# Strange readings @ GPU-Z 0.2.6 and GA-MA78GM-S2H (rev.1.0)



## HeXeN (Jul 20, 2008)

Hi there,

Sorry if this is improprate place for posting it (but i hope i didn't break the rule)

Pictures below show very strange readings at my GA-MA78GM-S2H (rev.1.0) Bios F5
As you can see something is wrong with sensors but also with memory actual
freaquency. This GPU is an integrated HD 3200 and uses 256 of system RAM
(Geil ultra 800MHz 4-4-4-12). I know many of people bought this motherboard,
and i don''t know if it is problem with GPU-Z( 0.2.5 was crashed few times), or with
my RAM? On board GPU is O/C'ed but this happens without O/C too.

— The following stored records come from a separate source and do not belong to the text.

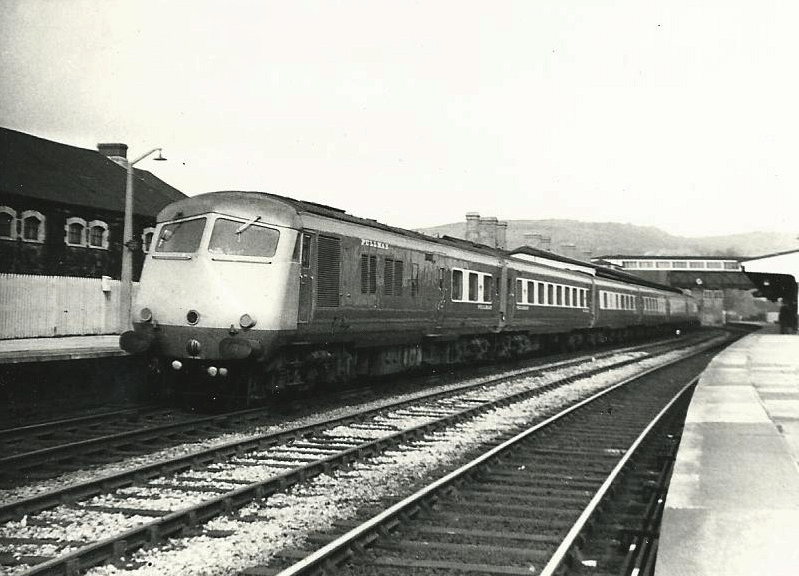 Metropolitan Cammell 8-car "Blue Pullman" dmu Nos.W60099, W60649, W60739, W60749, W60748, W60738, W60648, W60098 on the Paddington-Swansea (High St) "South Wales Pullman" with Type 1 1,000hp power car leading, in the Nanking Blue & White Pullman livery with an all-yellow warning front end that unfortunately covered the Pullman emblem, at Neath (General), 06/67. It could be said that the concept of the Blue Pullmans was a precursor of the HST's. Scanned photograph taken with a Kowa SET camera.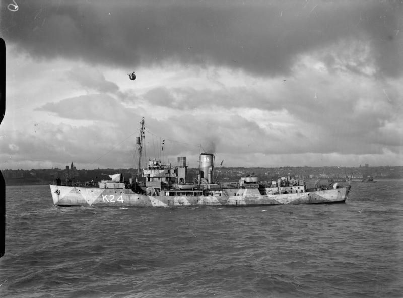 HMS Hibiscus Underway.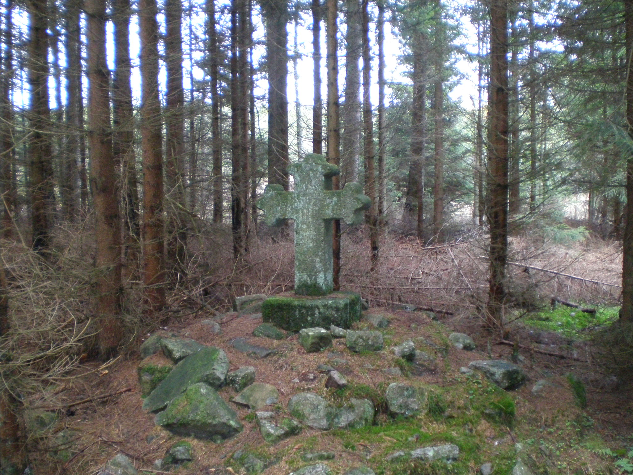 Cross in memory of Jan Línek, a forest keeper from village of Vranovice, shot dead by poachers in 1804, aged 26. The cross is located in a remote spot roughly amidst Skelná huť, Láz Reservoir and Bílá skála.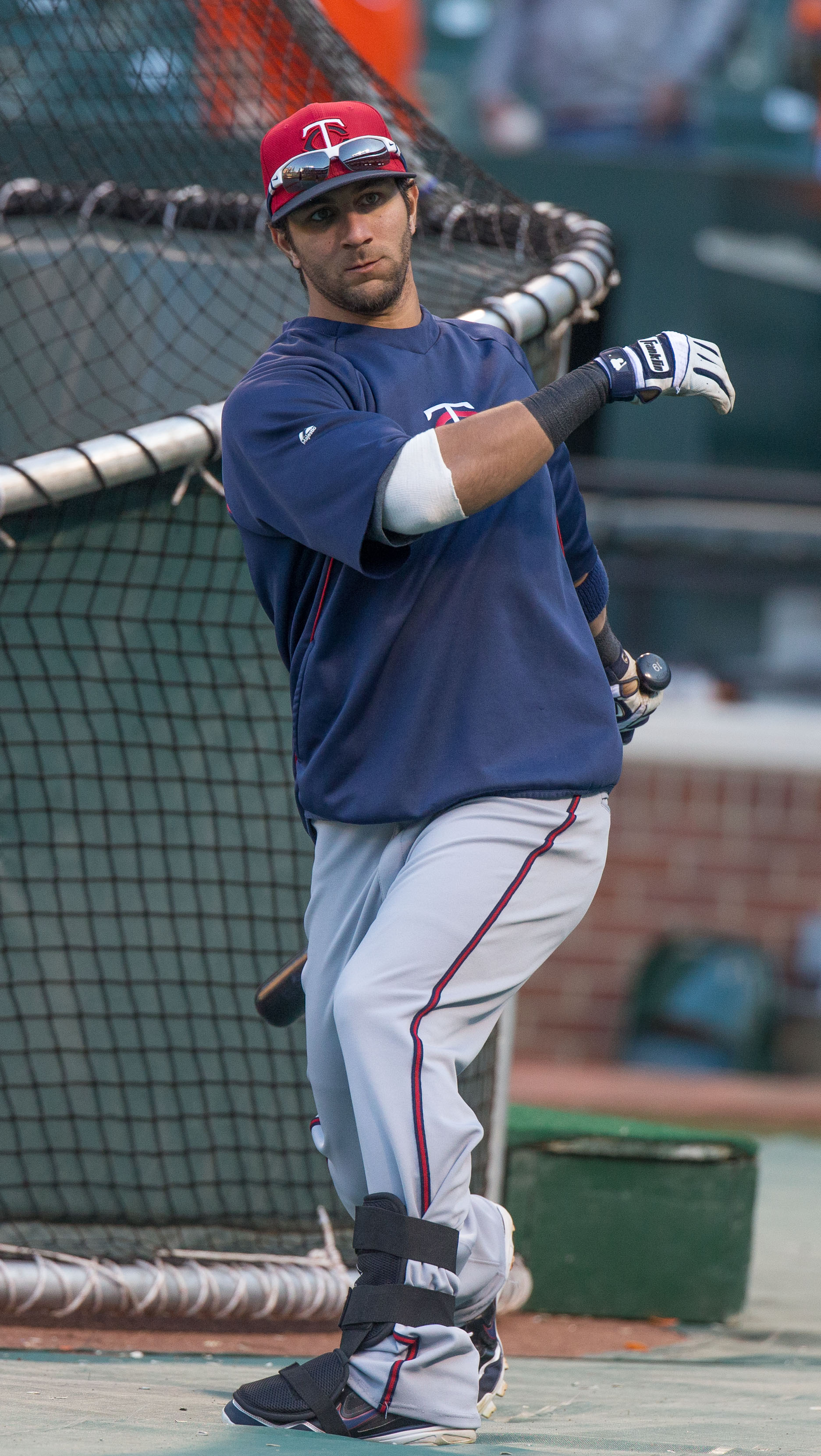 Minnesota Twins outfielder Darin Mastroianni – Minnesota Twins at Baltimore Orioles April 6, 2013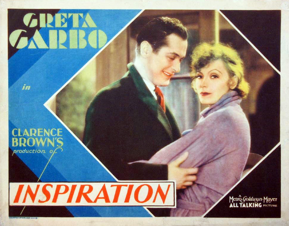 Lobby card for the American film Inspiration (1931).

In advance thanks for help,
Best Regards
HeXeN


----------



## Deleted member 24505 (Jul 20, 2008)

Your pics dont work bud,try uploading them here-http://www.techpowerup.org/

Welcome to tpu too


----------



## HeXeN (Jul 20, 2008)

now should work (you're fast ) hello (that's 3rd time i'm here with problem  )


----------



## Deleted member 24505 (Jul 20, 2008)

It could be because gpu-z does not fully suuport your board,so cant read the values correct.Hopefully w1zzard will reply and let you know for sure.


----------



## Rey17 (Jul 20, 2008)

lol, by looking at your memory speed, DAMN, thats a fast card.... just joking !! lol


----------



## HeXeN (Jul 20, 2008)

yeaah - i want it to be that damn fast  joke of course too. I hope that W1zzard will see it  and help as usual
Regards
HeX


----------